Of the 9 we haven'haven't considered: $3*5*7*13,3*5*7*37,3*5*11*13,3*5*11*37,3*5*13*37,3*7*11*13,3*7*11*37,3*7*13*37,3*11*13*37$ are all too big.
So that was exhaustive.
A: We can write $$555,555=5\times111,111$$ and notice that $111=37\times3$, so we have $$555,555=5\times37\times3003$$ and since $1001=7\times11\times13$, the prime factorization is $$555,555=3\times5\times7\times11\times13\times37.$$ 
If we multiply each of the three combinations $11\times13$, $11\times37$ and $13\times37$ by $3$, we see that only $3\times(13\times37)$ exceeds $1000$ which is a four-digit number.
Hence $37$ must pair with two other one-digit numbers, and $11\times13$ must pair with either $3$ or $5$ since $7\times11\times13>1000$.
If $11\times13$ pairs with $3$, then the other product must be $$37\times(5\times7)>1000$$ which is not a three-digit number. 
Therefore, the only possible combination for $555,555=P_1\times P_2$ is $$P_1=5\times11\times13,\quad P_2=3\times7\times37.$$
A: I think the procedure might be based on Fermat method.
We can calculate that the number $555555$ can be expressed as a difference of two squares:
$746^2 - 31^2=556516-961$
Number $31$ is the distance from $746$ both ways which gives $715$ and $777$ accordingly. From here the smallest prime factor of:
$777$ is number $3$ which equals to $3\cdot259$ and for
$715$ is number $5$ which equals to $5\cdot143$
Further factorisation results in final solution where $143=11\cdot13$ and $259=7\cdot37$ therefore:
$(5\cdot11\cdot13)(3\cdot7\cdot37)$ can satisfy equation. 

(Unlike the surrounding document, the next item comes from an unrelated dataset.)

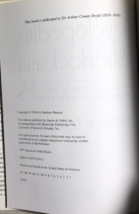 ENCYCLOPEDIA SHERLOCKIANA by Matthew E Bunson (1994) B&N HC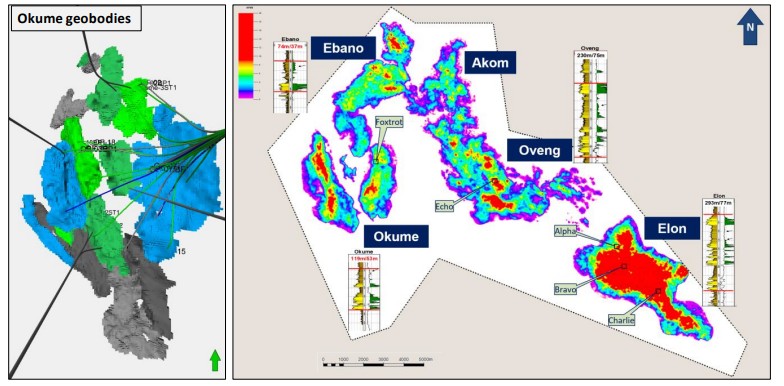 Okume geobodies (left) and location of field within the Okume complex (right)

A: If $555{,}555=ab$ with $a,b\lt1000$, then we must also have $a,b\gt555$ (e.g., if $b\lt1000$, then $a=555{,}555/b\gt555{,}555/1000\gt555$).  Now since $555{,}555=3\cdot5\cdot7\cdot11\cdot13\cdot37$, we may assume, without loss of generality, that $a=37k$. From $a\gt555=15\cdot37$, we see that $k\gt15$, and from $a\lt1000$, we see that $k\le\lfloor1000/37\rfloor=27$.  The only product $k$ of the primes $3$, $5$, $7$, $11$, and $13$ that falls in the interval $15\lt k\le27$ is $k=3\cdot7=21$.  Thus $a=37\cdot21=777$, $b=5\cdot11\cdot13=715$ is the only factorization of $555{,}555$ into two three-digit numbers.